He laughs as he walks away, as if he didn’t just tilt my entire world sideways and walk off with the match still smoldering in his hand.
I want to scream at him.
I want to chase him down and rip that fucking smug grin right off his face.
I’m furious. Furious with him. Furious with myself. With every broken piece of me that responded to him without permission.
He didn’t even touch me, not a single fucking finger, and still I am sitting here, exposed, shaken to the core of bones I have spent years burying under armor.
I hate him.
Hate the way he walked in here as if he owned the air I was breathing. The way my skin still buzzes even though he is walking away. And now I cannot stop hearing his voice.
"Not tonight, sweetheart."
The words keep looping through my head, coiled tight around that cocky grin he stamped into me before walking out.
“Careful, pretty boy,” I say, turning in the chair to face him. “Guys who walk around as if they own the room are usually overcompensating for a dick that is not even worth unzipping.”

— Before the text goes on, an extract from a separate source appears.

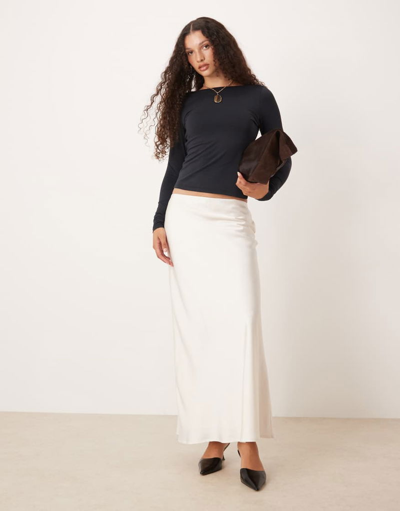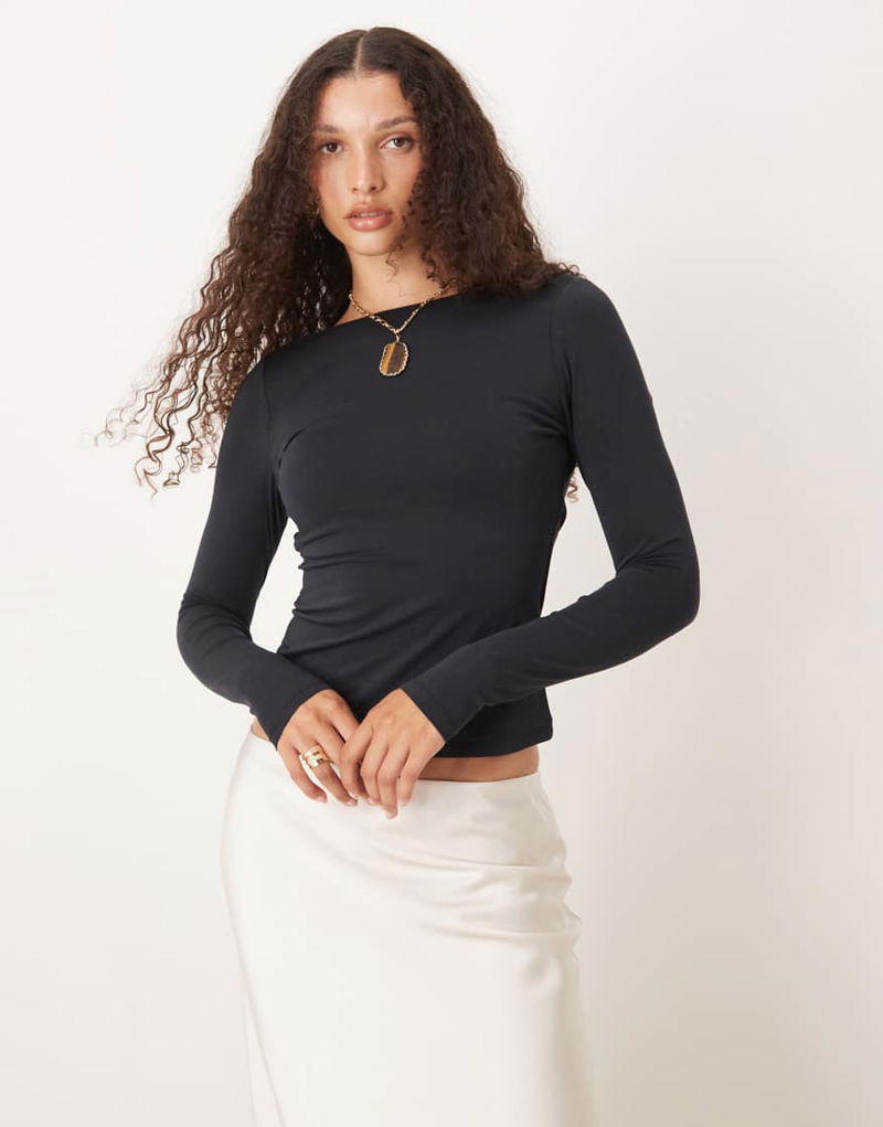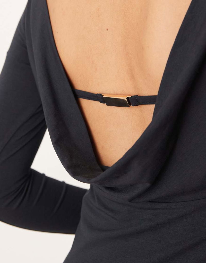 Abercrombie & Fitch Slash Neck Cowl Back Long Sleeve Top In Black

It's petty and cruel, but for one fucked-up second it makes me breathe easier, as if I have taken something back, even if it is only a scrap of control I never really had. The relief doesn’t last.
He stops, turns, and his eyes find mine again, his grin tugging wider as if he has been waiting for me to snap.
“Oh, sweetheart.”
That fucking word again. Soaked in mock sympathy, dipped in sin.
“You might be the first to call me out, but you will be the last to see what I am really packing.”
And then he’s gone, leaving me here, half furious and half fucked up in the worst way imaginable, pretending I’m not already drowning in the aftermath.
My whole body feels wrong, wired too tight, skin pulled thin over bones that no longer hold steady. My pulse refuses to settle. It pounds fast and fucked-up, chasing the echo of his stare still stamped across my skin.
That cocky fucker walked in and detonated something inside me, and now I am the one choking on the dust, left to sift through the wreckage while he disappears as if he didn’t set the whole fucking room on fire.
He got under my skin, burrowing deep, spreading through me as if he were a virus I never saw coming. One smirk was all it took. One look. One fucking line, and suddenly he was everywhere I did not want him to be.
And I hate it.
I hate the way my body sparks when he gets close, all heat and nerves and hunger I never gave it permission to feel.
But what I hate most is that for one impossible, goddamn moment, I wanted him to stay.
Chapter Two
Zane
Thekitchendoorslamsshut behind me, the crack of it loud enough to rattle the glass in the window.
I don’t turn around. Don’t slow my pace. I don’t give a single fuck if that cold, bitter bitch who runs this place caught me walking out again. Let her scream herself hoarse because I’m not fucking listening.
Her voice cuts through the walls anyway, high and jagged, barking orders at kids too small and too beaten down to push back. They nod quick, scatter faster, keeping their eyes down as if ignoring her could make her less of a monster stuffed into a cheap cardigan.
She isn’t a foster mother.
She’s a fucking prison warden.
A woman who cashes the state’s money and calls it care. Nothing more.